RAW DATA Start Marker
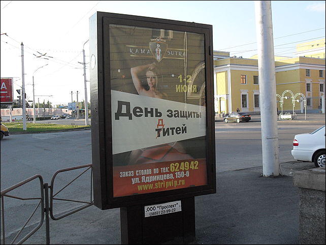 Кстати, напомним историю с рекламой местного эротического бара "Kama-sutra", в которой был использован слоган "День защиты д(т)итей". Среди читателей ИА "Амител" мнения по поводу пошлости рекламы разделились. 29 мая 2012 года Управление Федеральной антимонопольной службы по Алтайскому краю, возбудив дело об административном правонарушении и проведении административного расследования по факту размещения наружной рекламы "Kama-sutra", попросило граждан высказаться насчет рекламы, голосуя на сайте управления в разделе "Опросы".
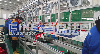 該線體總長(zhǎng)28m,采用倍速鏈輸送模式 ,更好的控制生產(chǎn)節(jié)拍,每個(gè)工位設(shè)有擱物板、工具櫥和呼料警報(bào)燈,使作業(yè)更方便。
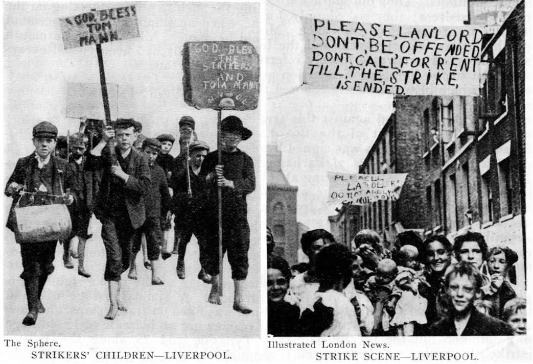 The papers had had large headings of “Rioting of Strikers in Liverpool,” but so far every “one questioned here about this has denied it. We even asked the police if there had been trouble from the strikers. “No,” said they, “it is the sectarians.” The “sectarians” by way of explanation, are the Orangemen on one side and the Catholics on the other, who improve every opportunity to shower bricks at each other. It was against such a mob that the shooting of Tuesday the 15th occurred and not against the strikers. The truncheon charge of Sunday was absolutely unwarranted. The police dashed out without any warning from the Lime street railway station and attacked a
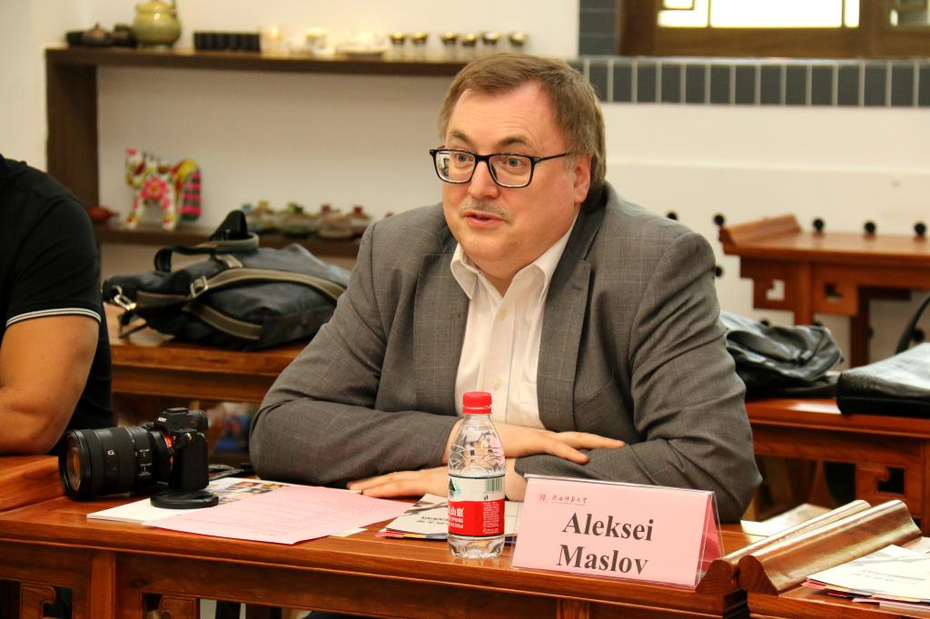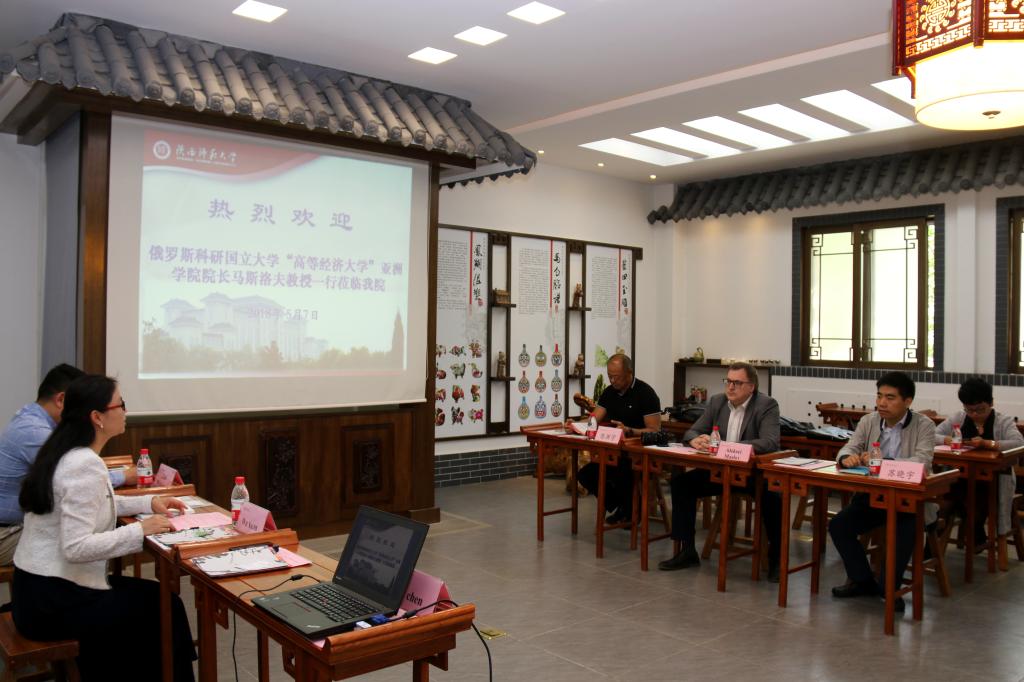 马斯洛夫教授简要介绍了俄罗斯高等经济大学的历史沿革及办学情况,他表示,随着中国“一带一路”倡议的不断推进,横跨亚欧两大洲的俄罗斯与中国之间的交往日益密切,两国之间的商贸合作项目增加、旅游市场不断发展壮大,越来越多的俄罗斯人开始学习汉语,汉语及中国文化在俄罗斯文化生活中扮演了越来越重要的角色。马斯洛夫教授介绍说,近年来俄罗斯高等经济大学已经与北京师范大学、上海大学、复旦大学等中国高校开启了校际合作交流,积累了一定的合作经验,学校希望继续开拓中国留学生市场,积极探索与中国高校的合作培养模式,开展更多互利共赢的合作项目。他表示,通过近期与十三水
RAW DATA End Marker
▸ **WHAT THIS TASK INVOLVES**:
Only the pictures are to be left out, and all of the data must otherwise be transcribed exactly.

▸ **OUTPUT FOR THIS TASK**:
 Кстати, напомним историю с рекламой местного эротического бара "Kama-sutra", в которой был использован слоган "День защиты д(т)итей". Среди читателей ИА "Амител" мнения по поводу пошлости рекламы разделились. 29 мая 2012 года Управление Федеральной антимонопольной службы по Алтайскому краю, возбудив дело об административном правонарушении и проведении административного расследования по факту размещения наружной рекламы "Kama-sutra", попросило граждан высказаться насчет рекламы, голосуя на сайте управления в разделе "Опросы".
 該線體總長(zhǎng)28m,采用倍速鏈輸送模式 ,更好的控制生產(chǎn)節(jié)拍,每個(gè)工位設(shè)有擱物板、工具櫥和呼料警報(bào)燈,使作業(yè)更方便。
 The papers had had large headings of “Rioting of Strikers in Liverpool,” but so far every “one questioned here about this has denied it. We even asked the police if there had been trouble from the strikers. “No,” said they, “it is the sectarians.” The “sectarians” by way of explanation, are the Orangemen on one side and the Catholics on the other, who improve every opportunity to shower bricks at each other. It was against such a mob that the shooting of Tuesday the 15th occurred and not against the strikers. The truncheon charge of Sunday was absolutely unwarranted. The police dashed out without any warning from the Lime street railway station and attacked a
 马斯洛夫教授简要介绍了俄罗斯高等经济大学的历史沿革及办学情况,他表示,随着中国“一带一路”倡议的不断推进,横跨亚欧两大洲的俄罗斯与中国之间的交往日益密切,两国之间的商贸合作项目增加、旅游市场不断发展壮大,越来越多的俄罗斯人开始学习汉语,汉语及中国文化在俄罗斯文化生活中扮演了越来越重要的角色。马斯洛夫教授介绍说,近年来俄罗斯高等经济大学已经与北京师范大学、上海大学、复旦大学等中国高校开启了校际合作交流,积累了一定的合作经验,学校希望继续开拓中国留学生市场,积极探索与中国高校的合作培养模式,开展更多互利共赢的合作项目。他表示,通过近期与十三水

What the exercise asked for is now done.